L'UMP décomplexée n'a même pas eu besoin de rencontrer un iceberg, ce parti organise son sabordement tout seul.

Au grand bénéfice de Marine Le Pen? Titanic, Radeau de la Méduse? les évocations du naufrage se multiplient dans la presse.

Devant l'interminable feuilleton « UMP, ton univers impitoyable » comme avait joliment rebondi une « Une » de Libération, on fait alterner les grands éclats de rire, les rires un peu nerveux et les moments de franche consternation. Rassurez-vous, le fou-rire domine. Ce qui n'enlève pas la perplexité. Depuis trois semaines, on assiste en effet au long sabordage du principal parti de droite, un long suicide en direct. Non pas la semi-tentative qui est souvent un appel au secours. Non ! La vraie autodestruction, le massacre en direct, réfléchi, minutieux, systématique, impitoyable. Résumé rapide: après l'échec de la médiation d'Alain Juppé, ancien 1er ministre et surtout fondateur de l'UMP, Jean-François Copé a annoncé pour la troisième fois, qu'une commission des conflits de l'UMP l'avait sacralisé Président de l'UMP. Réponse du clan rival : les Fillionistes organisent la sécession dans les groupes parlementaires: les députés et les sénateurs proches de François Fillon quitte les rangs de la vieille maison et organisent leur propre groupe à l'Assemblée nationale et au Sénat. Tout en gardant l'étiquette «UMP», «Rassemblement UMP», c'est LE RUMP NEW WAVE?

François Fillon réclame un nouveau vote des adhérents et n'en démords pas. Jean-François Copé, visiblement sous la pression de Nicolas Sarkozy de retour de Chine (et de Bordeaux où il a évité de peu une mise en examen), a consenti quelques heures à organiser ? Ecoutez bien ? un referendum auprès des 300 000 adhérents de l'UMP, pour savoir s'il fallait ou pas organiser un nouveau vote pour réélire le président de l'UMP!

Depuis trois jours, les deux comiques se sont longuement rencontrés, sans avoir trouvé un compromis sérieux à cette heure. La guerre est repartie. Sarkozy, pas plus que Juppé, n'a pas réussi à calmer les deux petits voyous! On a beau recherché dans toutes les références de bandes dessinées, on n'a pas trouvé un scénario d'une telle richesse et avec de tels rebondissements. A quand les excommunications, les procès en sorcellerie et les jolis bûchers ?

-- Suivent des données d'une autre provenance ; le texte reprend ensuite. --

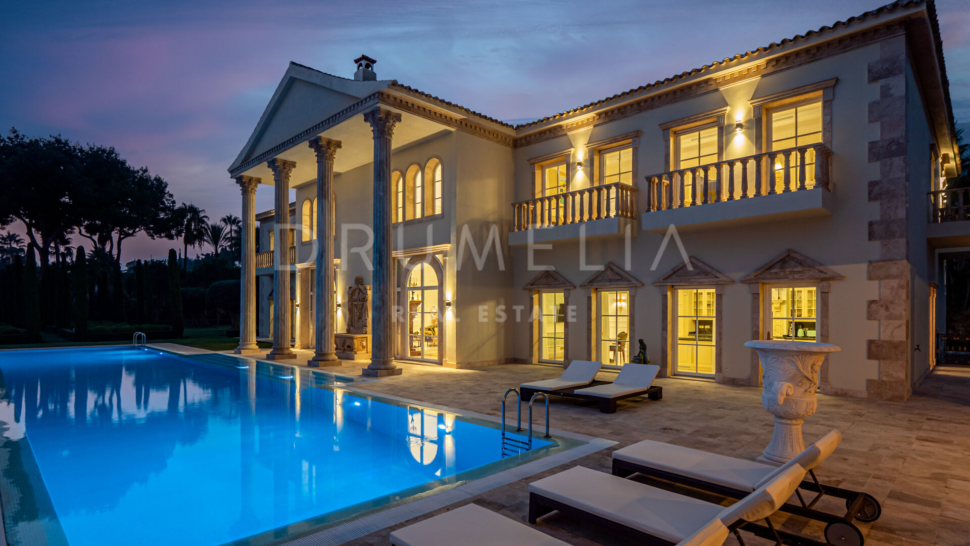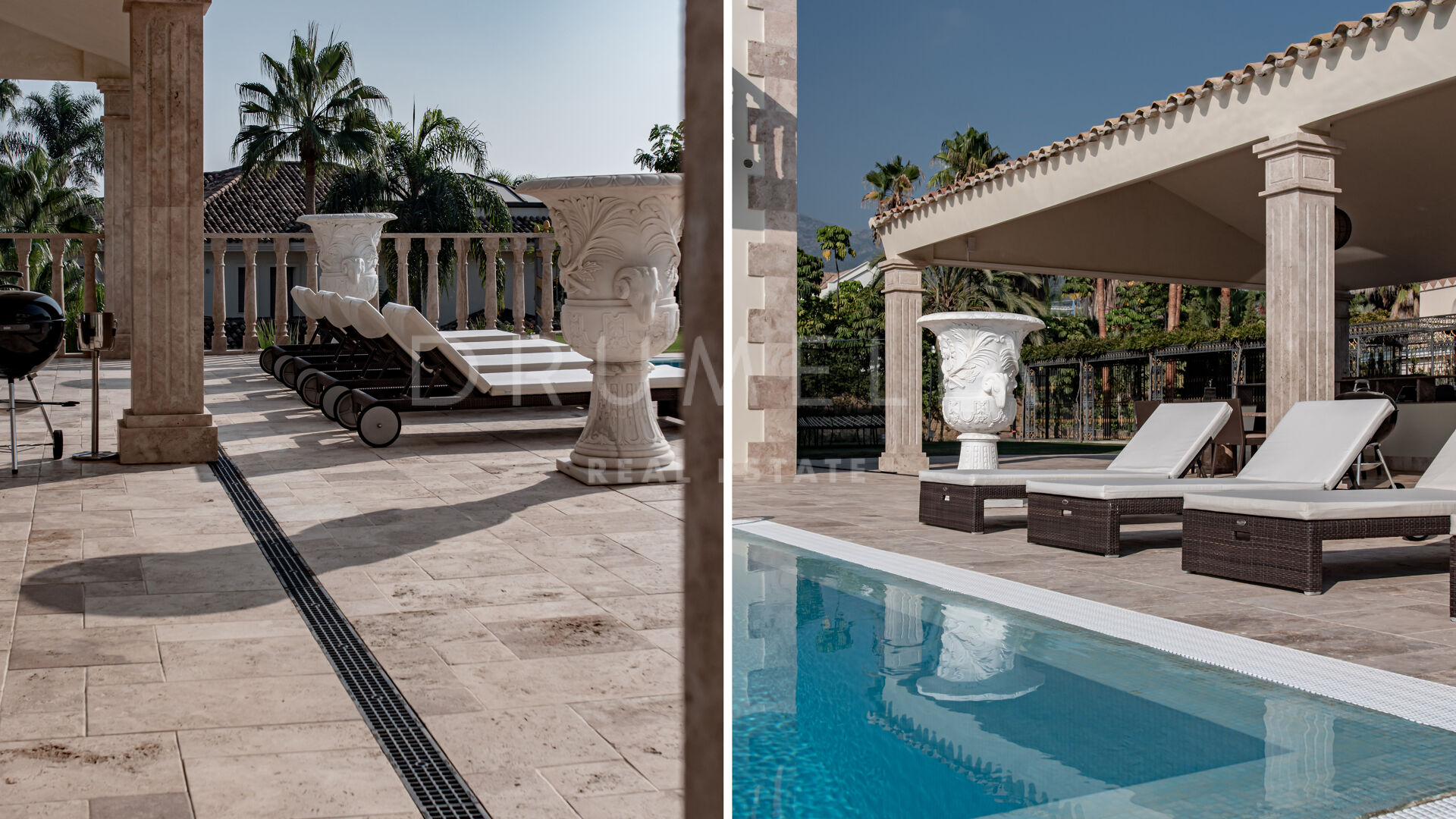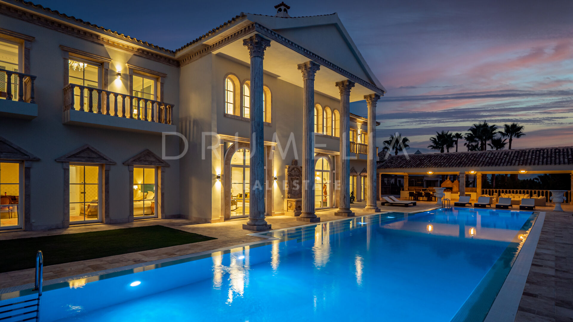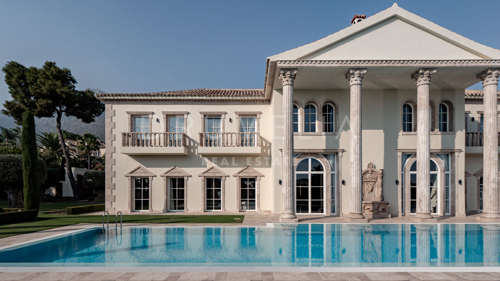 Роскошь и средиземноморский образ жизни ждут резидентов и за пределами дома, на територии. На участке расположен олимпийский бассейн, окруженный красивой мраморной палубой, которая идеально сочетается с внешней архитектурой. Экзотический сад окружает бассейн и подчеркивает стиль этой недвижимости.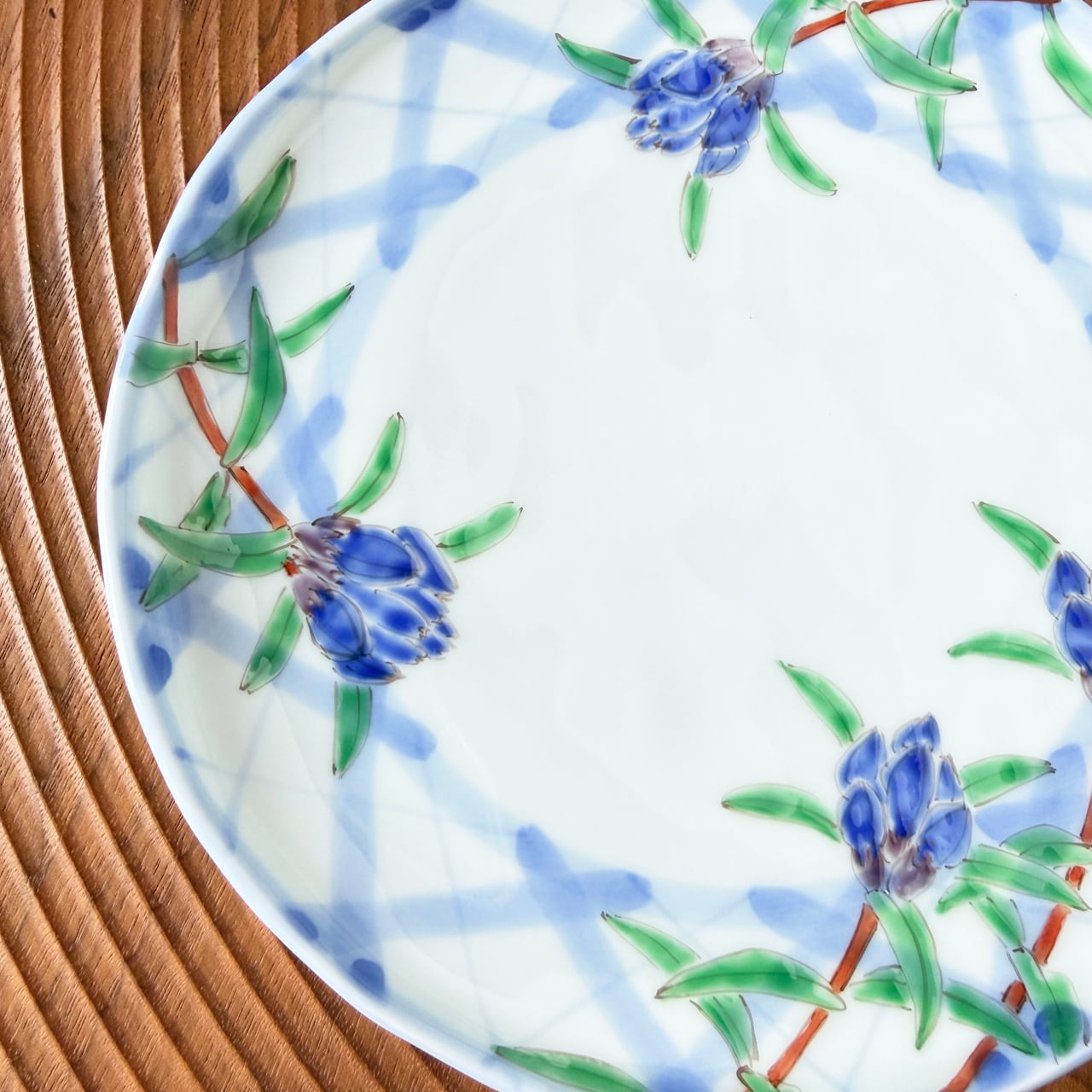 「使わない日はない」と言われるほど汎用性の高い6寸皿に、うつわ藍水さんならではの確かな絵付けが施された「格子リンドウ」。実用性と美しさを兼ね備え、使うほどにその良さを実感できる一枚です。

EGORGEONS LA POULE AUX ?UFS D'OR !

Même les journalistes politiques, éditorialistes et experts en tous genres, qui commentent avec autorité l »actualité à longueur de journée et de nuit sur les chaînes d'information continue, commencent à avoir un peu de mal à expliquer la situation ubuesque dans laquelle s'est enfermée la droite française. Et Dieu sait qu'il en faut beaucoup pour déstabiliser un journaliste politique ou un chroniqueur (de Paris !) qui a, par définition, 150 000 explications à tout événement, pourvu que celui-ci ait déjà eu lieu. Pour les prévisions, c'est beaucoup plus compliqué? Mais les spécialistes ne parviennent pas aujourd'hui à comprendre les motivations et les objectifs des deux protagonistes. La première explication de cet affrontement stérile se trouve évidemment dans le choc de deux ambitions personnelles. Pour Copé comme pour Fillon, conquérir la présidence du principal parti d'opposition est la meilleure garantie pour remporter les élections « primaires » par lesquelles les citoyens français pourront désigner en 2015 le meilleur candidat potentiel de l'UMP à l'élection présidentielle de 2017.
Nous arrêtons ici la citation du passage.